Military Embedded Systems

DARPA to leverage quantum devices to help solve complex optimization problems


March 04, 2019

Mariana Iriarte

Technology Editor

Military Embedded Systems

DARPA to leverage quantum devices to help solve complex optimization problems
DARPA photo

ARLINGTON, Va. The Defense Advanced Research Projects Agency (DARPA) is launching the Optimization with Noisy Intermediate-Scale Quantum devices (ONISQ) program to exploit quantum information processing before fully fault-tolerant quantum computers exist.

The goal of the program aims to pursue a hybrid concept that combines intermediate-sized quantum devices with classical systems to solve a particular set of problems known as combinatorial optimization. ONISQ seeks to demonstrate the quantitative advantage of quantum information processing by leapfrogging the performance of classical-only systems in solving optimization challenges.
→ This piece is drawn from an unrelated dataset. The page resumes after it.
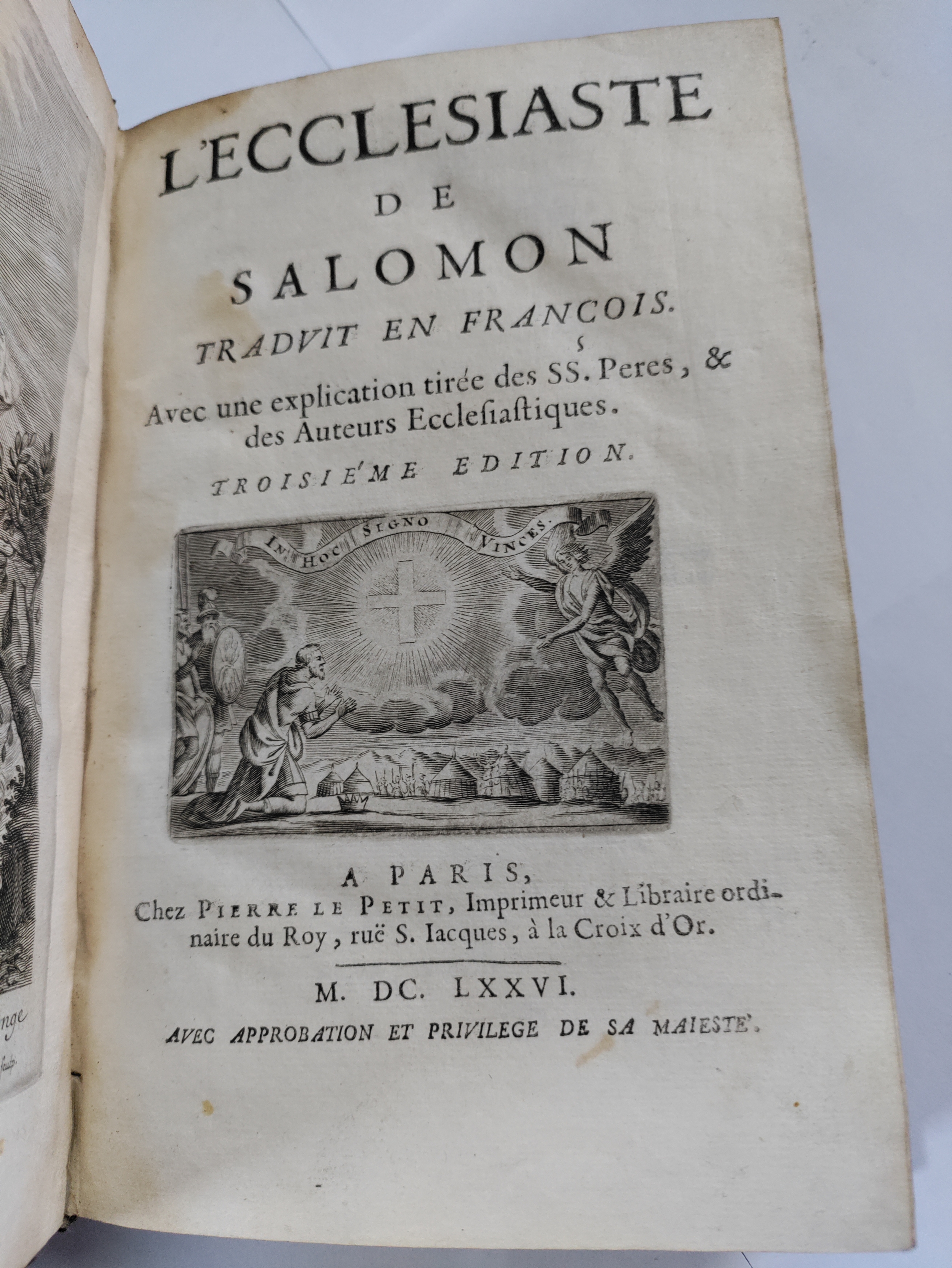 An antique 16th century book titled L'Ecclesiaste De Salomon Tradvit en Francois. Dated 1676.

“A number of current quantum devices with more than 50 qubits exist, and devices with greater than 100 qubits are anticipated soon,” explains Tatjana Curcic, program manager in DARPA’s Defense Sciences Office. “Qubits’ short lifetime and noise in the system limit how many operations you can do efficiently, but a new quantum optimization algorithm has opened the door for a hybrid quantum/classical approach that could outperform classical systems.”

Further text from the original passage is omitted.